April 2000
I had a quintessentially Skaneateles encounter at the post office a few Saturdays ago. A man was wrapping two packages while waiting in line, and he was wearing a cap bearing the Sleeman’s Brewing and Malting logo. “Nice hat,” I said. “I have a friend who is a big Sleeman’s fan.” And he replied, “We make all their bottles.”
The “we” told me that he either owned or ran the bottling plant, and the “all” told me that he was a competitive sort who thought about business even on Saturday morning. I said, “They made the first cream ale in Canada,” and he said, “I wouldn’t know about that,” and turned around to face the counter, not wanting to discuss brewing history with a bearded, pony-tailed stranger, and probably cursing his choice of hats that morning.
In contrast, my cab driver in Richmond, Virginia, was more than happy to chat. His first words to me were, “If you smell something back there, it’s a fish sandwich. I called my wife and told her not to cook, I was bringing home a fish sandwich. You can do that after 29 years.”

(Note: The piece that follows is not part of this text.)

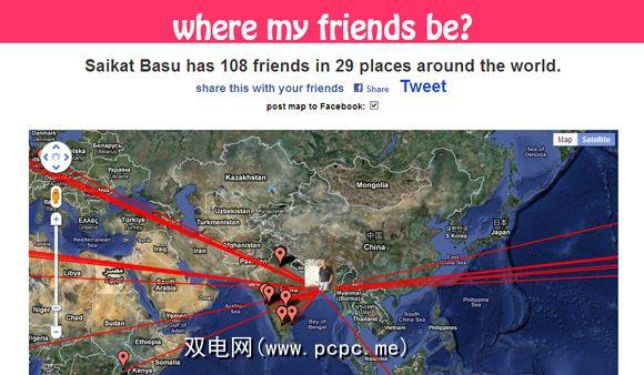 我的朋友在哪里是Google地图上的网络显示要简单得多。该应用程序会抓取您的个人资料照片,并将您在Google Map上定位。 Google地方标记和红色直线标出了您与朋友在Facebook上的位置关系。映射速度非常快,几秒钟内您就可以在地图上可视化整个朋友网络。如果选择此选项,则朋友地图会发布在您的个人资料上。

And from there we moved quickly to his three daughters, starting with the youngest, Zenobia Bey, who plays forward for Virginia State. “She needs to work on her jump shot,” he told me. She was named after a queen, I later found out, and all these girls were queens to “Taxi” Bey. He had a fifth grade education, and was one year away from putting all three of them through college driving a taxi. “It’s a long and lonely road,” he said. One daughter was getting married soon, and he didn’t like the idea at all. “She told me that I wasn’t losing her, I was gaining a son, but I said, ‘I don’t want one. I didn’t order one. Send it back!’ ”
We arrived at the airport entirely too soon.